Take the line with "Andere Ecloga, darin" and every line after it, through the end of the listing, and give them again exactly, pictures excluded.

## Supplied data
┄┄┄┄┄┄┄┄┄┄

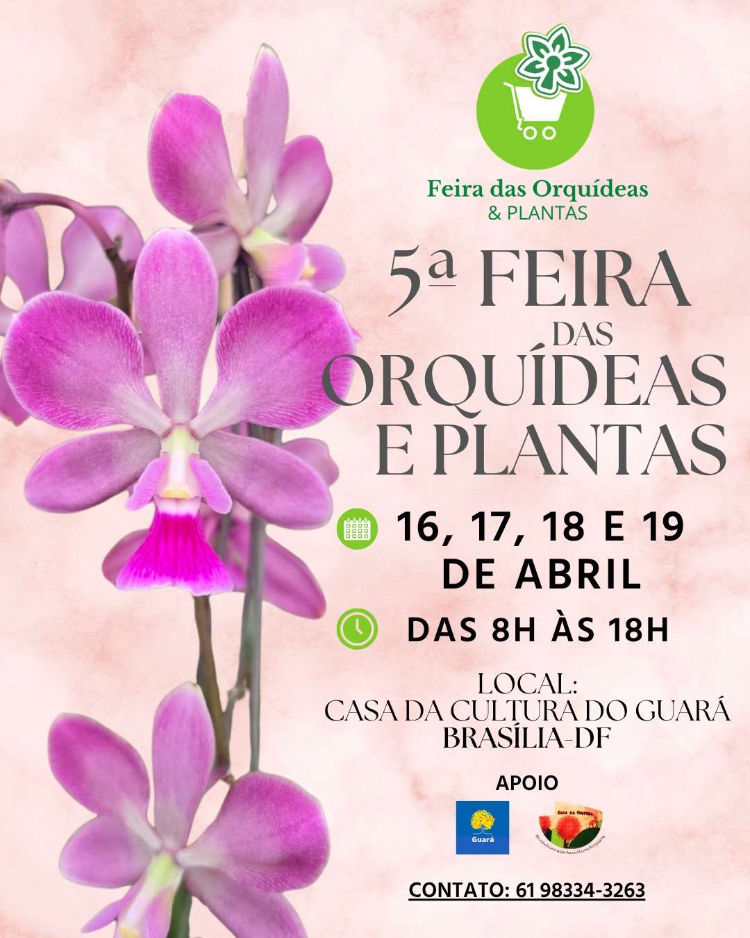 A paixão por orquídeas e plantas e ganham destaque em Brasília com a realização da 5ª Feira das Orquídeas & Plantas, que acontece entre os dias 16 e 19 de abril, das 8h às 18h, na Casa da Cultura do Guará, com entrada franca.
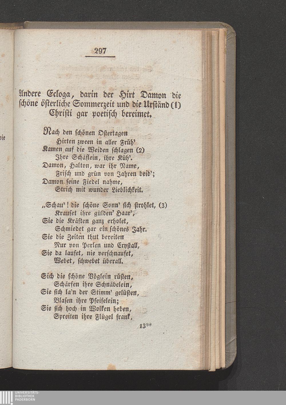 Andere Ecloga, darin der Hirt Damon die schöne österliche Sommerzeit und die Urständ[...]
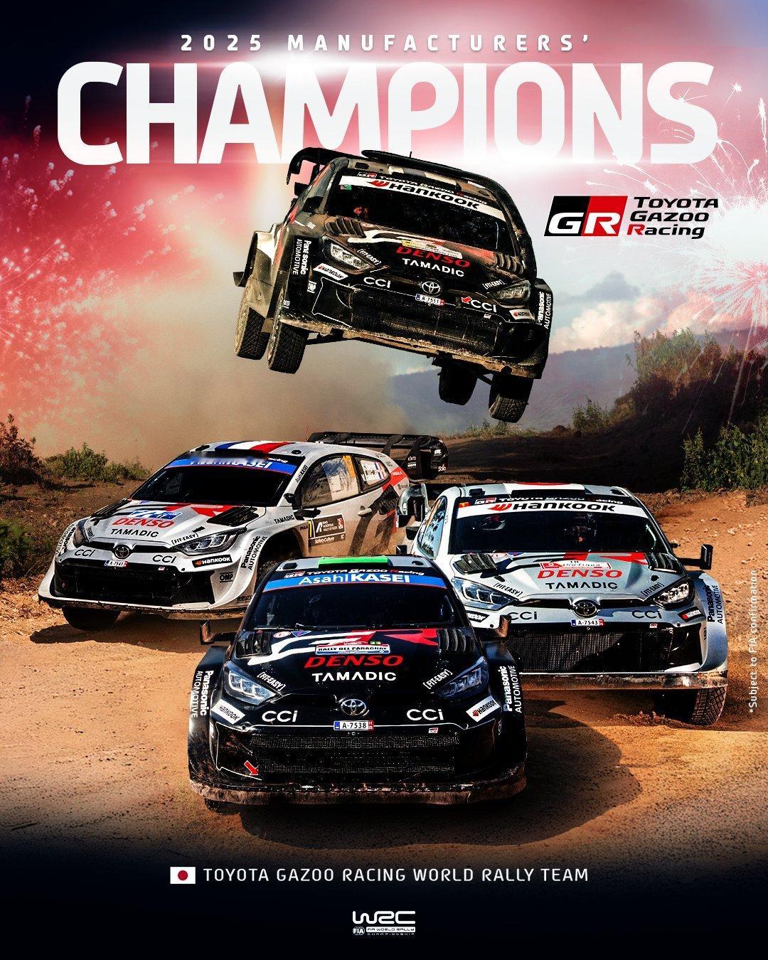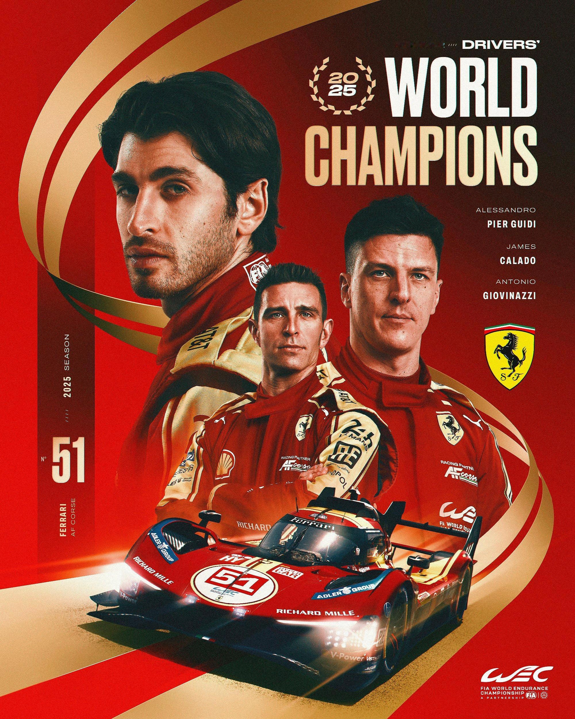 2025赛季,其实还不错啦~随着兰多·诺里斯在本赛季F1的终局之战中顺利加冕,本年度FIA各个世锦赛的世界冠军得主也最终全部确定。有意思的是,除了FE之外,其实今年大部分世锦赛的车手世界冠军全部都需要在赛季的收官战上决出;尽管里头好一些的争冠悬念并没有很大,不过也有像W2RC里莫莱斯的迷之逆转,还有就是奥吉尔终于达成九冠壮举,这都是相当让人印象深刻的。最后,给小伙伴们汇总一下今年除KWC外六个主要FIA世锦赛的冠军得主,顺带分享他们各自的结算画面……🏁 F1世界一级方程式锦标赛🏆️ 年度车手冠军 - 诺里斯🥇 年度制造商冠军 - 迈凯伦🏁 WEC世界耐力锦标赛🏆️ 年度车手冠军 - 乔维纳兹 / 皮尔圭迪 / 卡拉多🥇 年度制造商冠军 - 法拉利🏁 WRC世界拉力锦标赛🏆️ 年度车手冠军 - 奥吉尔🥇 年度制造商冠军 - 丰田🏁 FE电动方程式世界锦标赛🏆️ 年度车手冠军 - 罗兰🥇 年度车队冠军 - 泰格豪雅保时捷车队🏁 W2RC世界越野拉力锦标赛🏆️ 年度车手冠军 - 莫莱斯🥇 年度制造商冠军 - 丰田 🏁 WRX世界Rallycross锦标赛🏆️ 年度车手冠军 - 克里斯托弗森🥇 年度车队冠军 - KMS恭喜以上的冠军得主,另外今年的FIA年度颁奖礼将会于12月12日(本周五)在乌兹别克斯坦的塔什干举办,丰田这次没能把自己跑的所有世锦赛赛车都带到现场,而法拉利则是久违地有一款赛车能够参与这一盛典,哈哈!期待2026会有一个更让车迷难忘的精彩赛季,来年再见!赛车

┄┄┄┄┄┄┄┄┄┄

## Answer space
 Andere Ecloga, darin der Hirt Damon die schöne österliche Sommerzeit und die Urständ[...]
 2025赛季,其实还不错啦~随着兰多·诺里斯在本赛季F1的终局之战中顺利加冕,本年度FIA各个世锦赛的世界冠军得主也最终全部确定。有意思的是,除了FE之外,其实今年大部分世锦赛的车手世界冠军全部都需要在赛季的收官战上决出;尽管里头好一些的争冠悬念并没有很大,不过也有像W2RC里莫莱斯的迷之逆转,还有就是奥吉尔终于达成九冠壮举,这都是相当让人印象深刻的。最后,给小伙伴们汇总一下今年除KWC外六个主要FIA世锦赛的冠军得主,顺带分享他们各自的结算画面……🏁 F1世界一级方程式锦标赛🏆️ 年度车手冠军 - 诺里斯🥇 年度制造商冠军 - 迈凯伦🏁 WEC世界耐力锦标赛🏆️ 年度车手冠军 - 乔维纳兹 / 皮尔圭迪 / 卡拉多🥇 年度制造商冠军 - 法拉利🏁 WRC世界拉力锦标赛🏆️ 年度车手冠军 - 奥吉尔🥇 年度制造商冠军 - 丰田🏁 FE电动方程式世界锦标赛🏆️ 年度车手冠军 - 罗兰🥇 年度车队冠军 - 泰格豪雅保时捷车队🏁 W2RC世界越野拉力锦标赛🏆️ 年度车手冠军 - 莫莱斯🥇 年度制造商冠军 - 丰田 🏁 WRX世界Rallycross锦标赛🏆️ 年度车手冠军 - 克里斯托弗森🥇 年度车队冠军 - KMS恭喜以上的冠军得主,另外今年的FIA年度颁奖礼将会于12月12日(本周五)在乌兹别克斯坦的塔什干举办,丰田这次没能把自己跑的所有世锦赛赛车都带到现场,而法拉利则是久违地有一款赛车能够参与这一盛典,哈哈!期待2026会有一个更让车迷难忘的精彩赛季,来年再见!赛车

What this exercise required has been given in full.